A Polícia Federal decidiu acabar com a força-tarefa da Operação Lava Jato em Curitiba. A decisão foi divulgada, nesta quinta-feira (6), pela revista "Época" e confirmada pela instituição por meio de nota oficial.
A partir de agora, o grupo exclusivo de combate à corrupção, que ganhou notoriedade ao desbravar os escândalos de corrupção na Petrobras, vai ser integrado à Delecor (Delegacia de Combate à Corrupção e Desvio de Verbas Públicas). De acordo com a PF, a mesma medida está sendo adotada para a Operação Carne Fraca.
A iniciativa partiu do delegado Igor Romário de Paula, que coordena a Operação Lava Jato no Paraná, e acatada pelo Superintendente Regional, delegado Rosalvo Franco.
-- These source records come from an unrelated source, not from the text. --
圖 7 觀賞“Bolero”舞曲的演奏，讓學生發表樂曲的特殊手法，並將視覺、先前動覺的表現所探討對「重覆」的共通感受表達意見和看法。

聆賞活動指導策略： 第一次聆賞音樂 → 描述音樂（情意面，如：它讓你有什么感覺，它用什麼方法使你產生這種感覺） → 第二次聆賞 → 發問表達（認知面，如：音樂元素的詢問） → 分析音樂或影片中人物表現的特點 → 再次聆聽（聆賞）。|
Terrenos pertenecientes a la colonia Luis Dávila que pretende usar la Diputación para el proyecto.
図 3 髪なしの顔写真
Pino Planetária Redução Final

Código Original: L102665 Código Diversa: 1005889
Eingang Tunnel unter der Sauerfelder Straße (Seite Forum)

A PF informou que os delegados do Grupo de Trabalho da Lava Jato estavam sobrecarregados, "com 20 inquéritos cada um", e que a integração tem por objetivo priorizar as investigações de maior potencial de dano à administração pública e facilitar o intercâmbio de informações.
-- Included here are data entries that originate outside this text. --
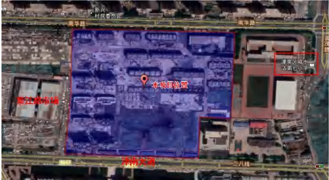
图 1-1 项目地理位置图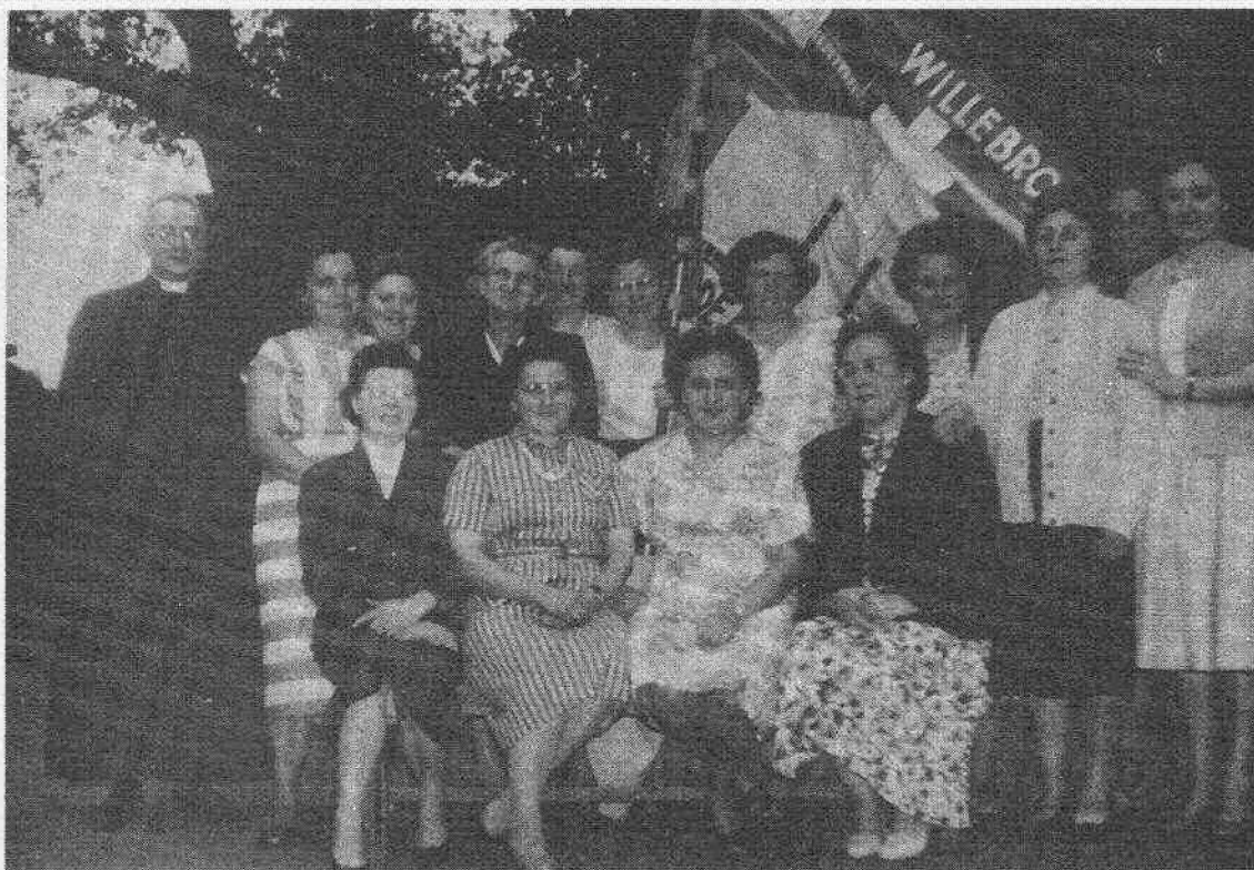
In 1959 werd het 25-jarig bestaan gevierd met ondermeer de wijding van de nieuwe vlag.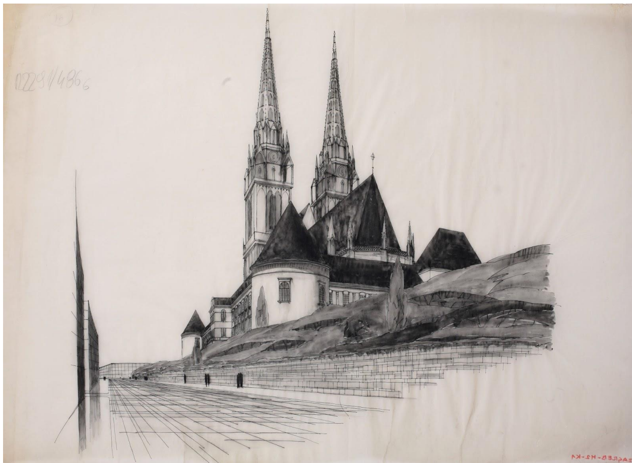
Slika 8. Regulacija Kaptola Ede Schöna i Milovana Kovačevića, pogled na katedralu iz Vlačke ulice

A nota também destaca que as investigações passam a ter 70 policiais e que as apurações não se concentram somente em Curitiba, mas compreendem o Distrito Federal e outros dezesseis estados.
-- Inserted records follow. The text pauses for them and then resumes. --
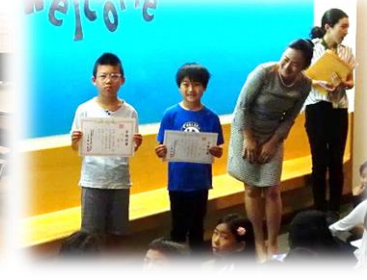
サタデーM校 表彰の様子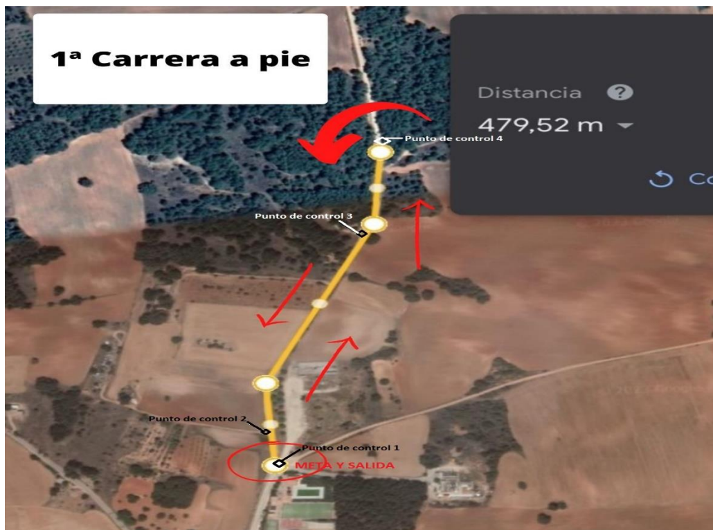
Primera carrera cadete/ juvenil

RECORRIDO: El recorrido de la prueba deportiva posee su inicio y final en el complejo deportivo de Jabaga dentro del núcleo urbano de la población de Jabaga, trazando el resto de recorrido por caminos cercanos al complejo. En ningún caso, afecta a cruces o tránsitos por carreteras convencionales. Puede verse la imagen representativa de los recorridos contemplados.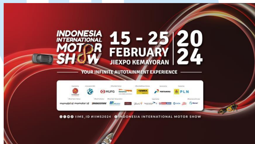
Gambar 2. 2 Indonesia International Motor Show 2024

Sebagai salah satu acara tahunan yang paling ditunggu-tunggu di Indonesia, IIMS selalu menghadirkan terobosan setiap tahunnya, dengan berbagai hal baru dan program menarik yang didedikasikan untuk para pecinta otomotif. Program-program tersebut meliputi pameran mobil, suku cadang dan aksesoris mobil, serta IIMS Movie Cars, IIMS Military Zone, dan IIMS Drift Wars. Pameran otomotif ini juga menghadirkan beragam program lain dengan menggabungkan pameran otomotif dengan berbagai acara hiburan. Tujuannya adalah untuk menarik lebih banyak penonton yang beragam, tidak hanya pecinta otomotif, tetapi juga masyarakat umum secara keseluruhan.

Em meio às suspeitas de interferência política sob o governo do presidente Michel Temer, o Ministério da Justiça reduziu em 29,5% os recursos destinados à PF e impossibilitou o uso de 44% da verba prevista, conforme divulgou o jornal "O Estado de S. Paulo" no mês passado.
À "Época", delegados, procuradores e outros agentes afirmaram que os cortes e o desmembramento da força-tarefa são meios para dificultar os rumos da Operação.
A Fenapef (Federação Nacional dos Policiais Federais) emitiu nota em repúdio à decisão afirmando que "a medida de caráter administrativo pode trazer prejuízos sobretudo à Lava Jato".
A entidade alega que a perda do contato exclusivo com o Ministério Público e o Judiciário fará a operação seguir os trâmites burocráticos de um inquérito comum "do já ultrapassado modelo investigativo do país".